• _Work instruction_:
Look for the line with "Materiales: Coral Fósil" in the entries below, then extract that line and all lines after it exactly, with pictures left out.
The data Start Marker
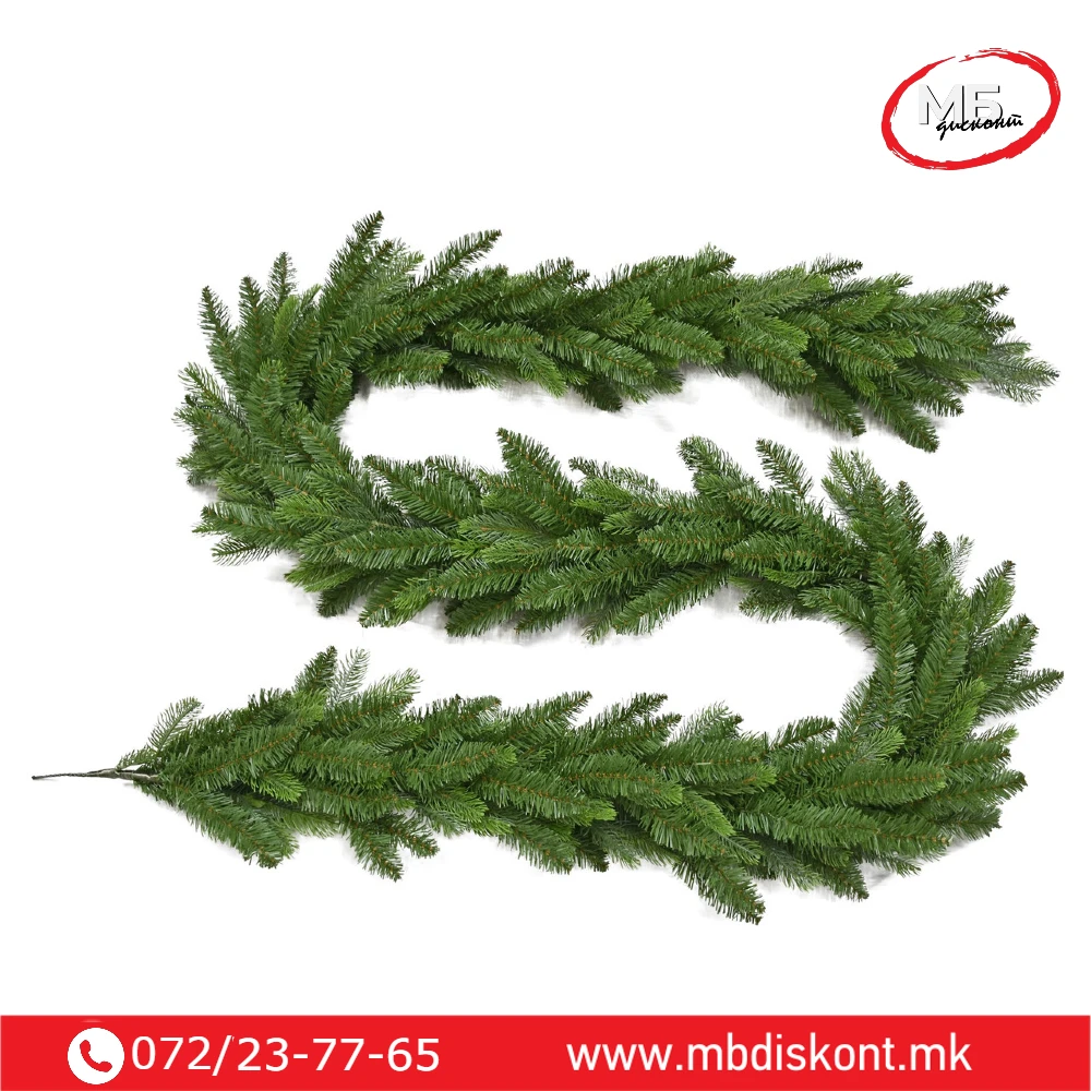 Изработена е од висококвалитетен ПВЦ материјал со густина која овозможува богат изглед. Гранките се флексибилни, лесни за обликување и отпорни на деформации. Со своите 220 типс гранчиња, герландата создава реалистичен и празничен визуелен ефект.
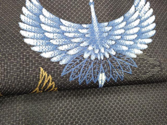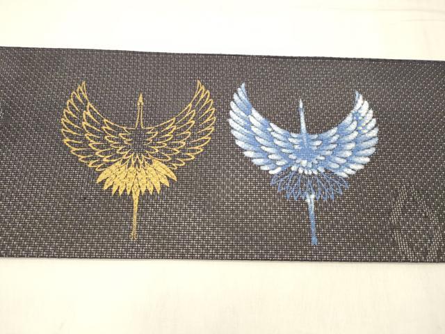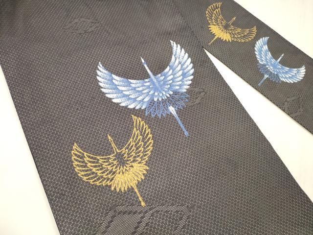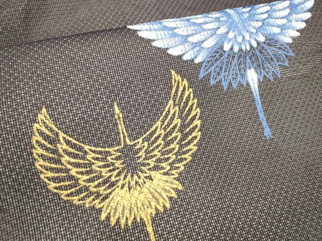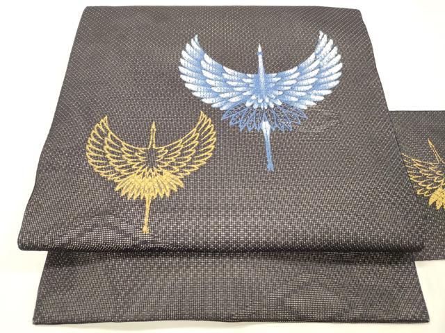 平和屋着物*夏物 九寸名古屋帯 飛鶴文 黒地 金彩 正絹 逸品 DABE6015cm
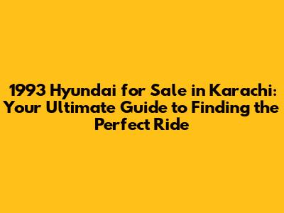 1993 Hyundai For Sale In Karachi: Your Ultimate Guide
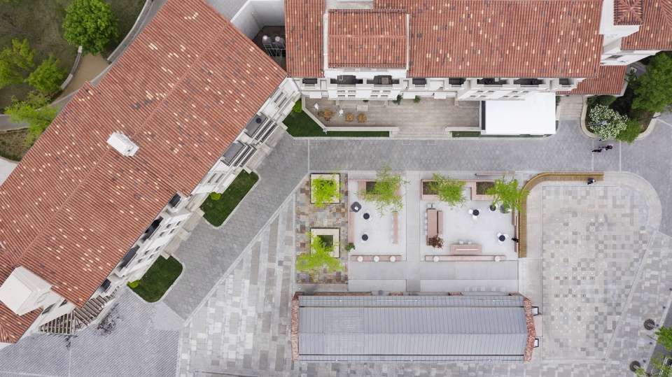 外摆区部分,以十字形的大古席地材质通道平台连通了各个方位,同时将外摆区划分为两大两小四个区域。外摆区的固定家具材质都选择了和室内中心盒子一样的茶色水泥,加强了室内外的整体性和关联性。利用室外固定家具中高低不一的矮墙,坐台,桌子,吧桌增加了外摆区的围合感和空间的层次。地面的水洗石材质也增添了庭院的感觉。
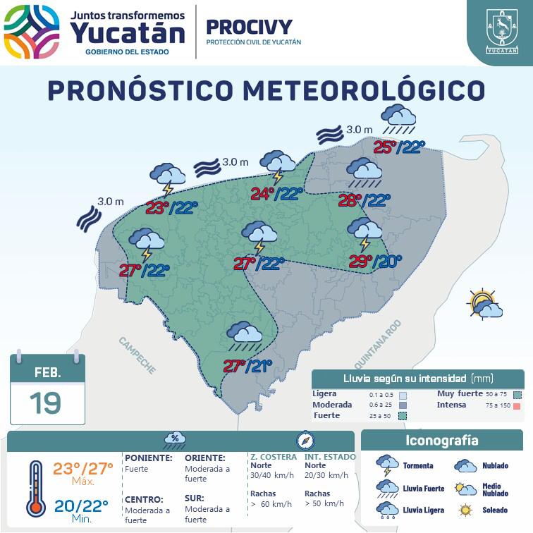 Mérida, Yucatán, 19 de febrero de 2021. La vaguada que tuvimos prácticamente durante toda la noche y madrugada en el poniente del estado ha dado paso a los efectos directos del frente frío número 36, que se desplaza hacia el oriente, donde tendrá menor intensidad, informó el titular de la Coordinación Estatal de Protección Civil (Procivy), Jesús Enrique Alcocer Basto.
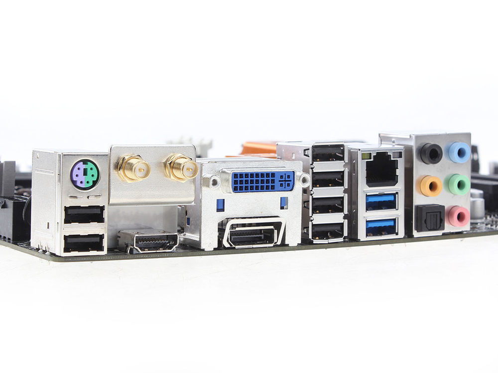 <p>索泰ZT-Z77皇冠版-U1D 主板I/O背板提供了1个PS/2接口、6个USB 2.0、2个USB 3.0、双SMA天线接口、千兆网卡接口、声卡接口以及DVI DP HDMI的输出接口。</p>7/13
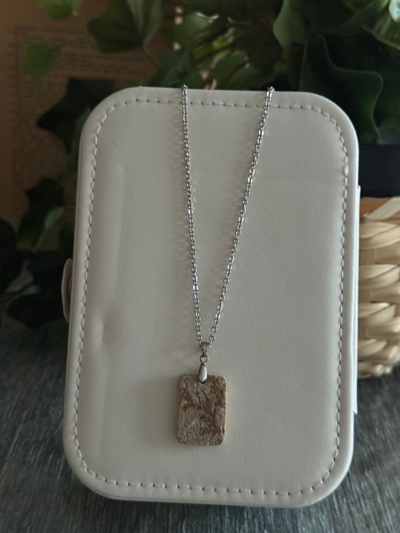 Materiales: Coral Fósil natural + cadena de acero inoxidable.
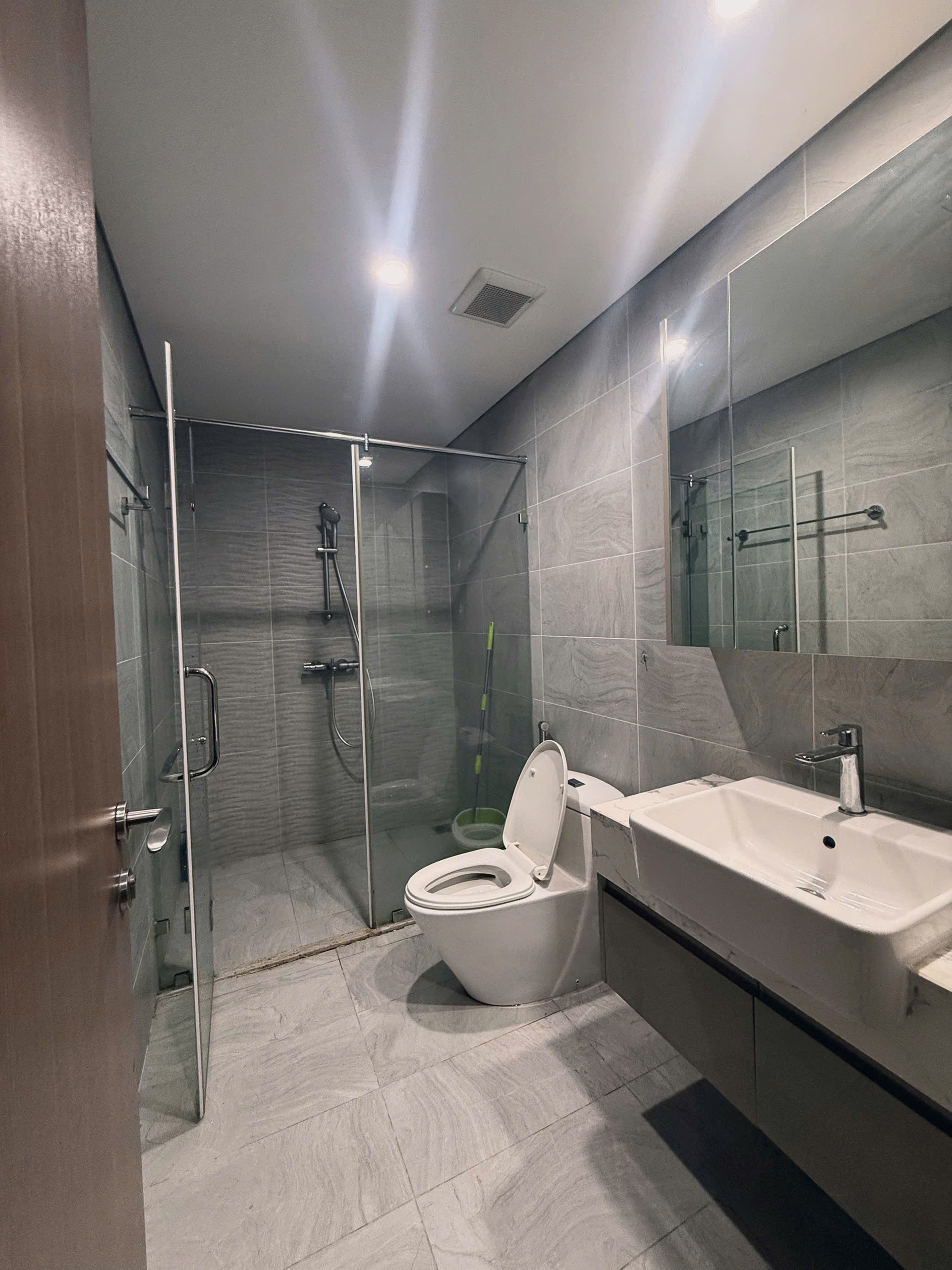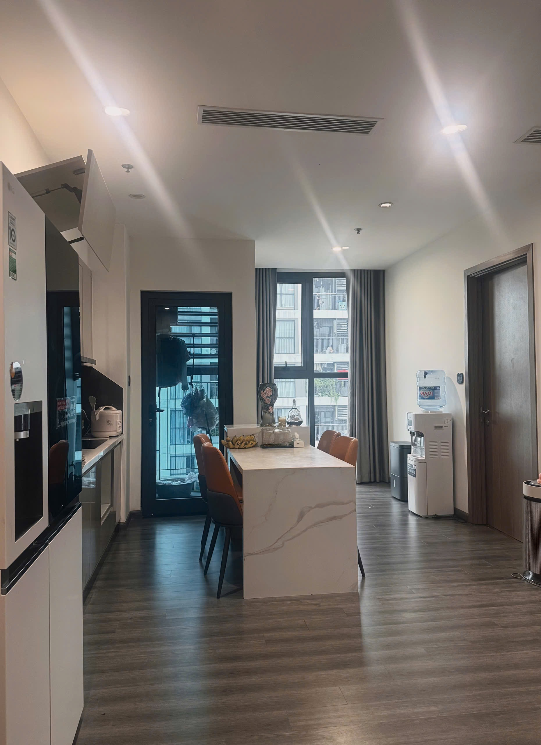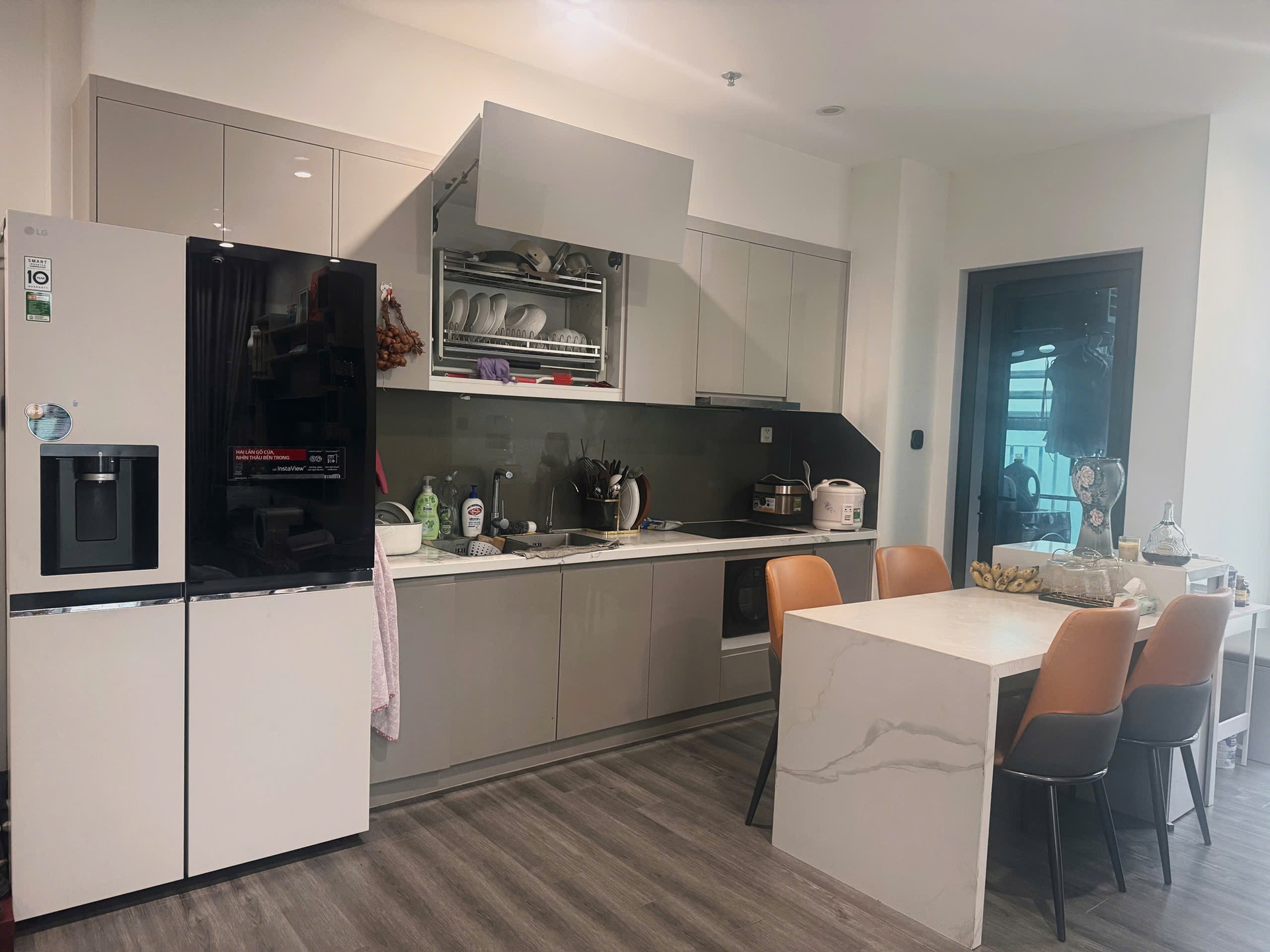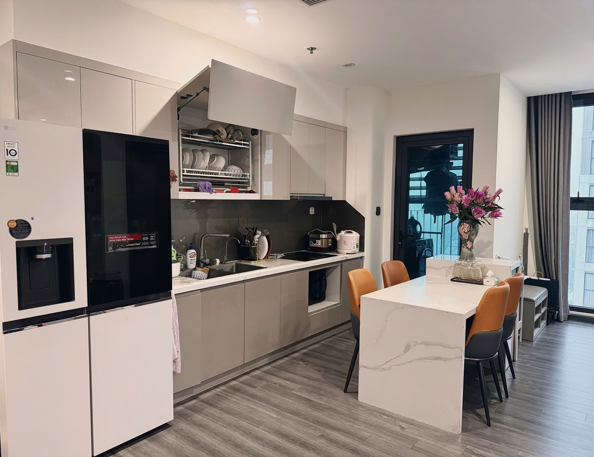 Căn hộ hiện đại, thoáng đãng với sàn gỗ tông xám, nội thất đầy đủ tiện nghi và hoàn thiện cao cấp.
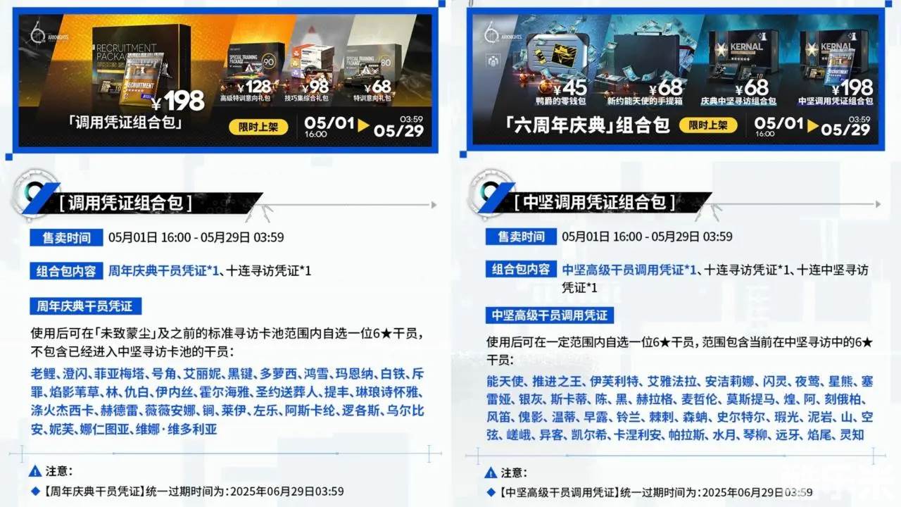 两个礼包里的干员不同!一定要确认自己想要的干员在正确的礼包里,别买错了。
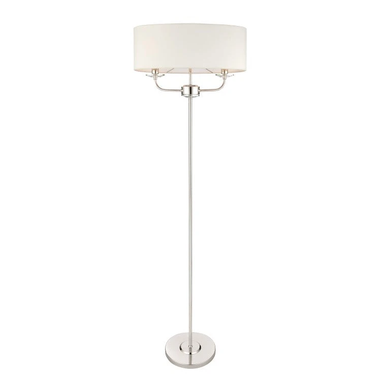 The Nixon Floor Lamp, which has a bright nickel finish and an elegant circular base, includes a neutral white shade with two lights. It measures at W:52 x D:26 x H:157 cm.
The data End Marker
• _Expected answer_:
 Materiales: Coral Fósil natural + cadena de acero inoxidable.
 Căn hộ hiện đại, thoáng đãng với sàn gỗ tông xám, nội thất đầy đủ tiện nghi và hoàn thiện cao cấp.
 两个礼包里的干员不同!一定要确认自己想要的干员在正确的礼包里,别买错了。
 The Nixon Floor Lamp, which has a bright nickel finish and an elegant circular base, includes a neutral white shade with two lights. It measures at W:52 x D:26 x H:157 cm.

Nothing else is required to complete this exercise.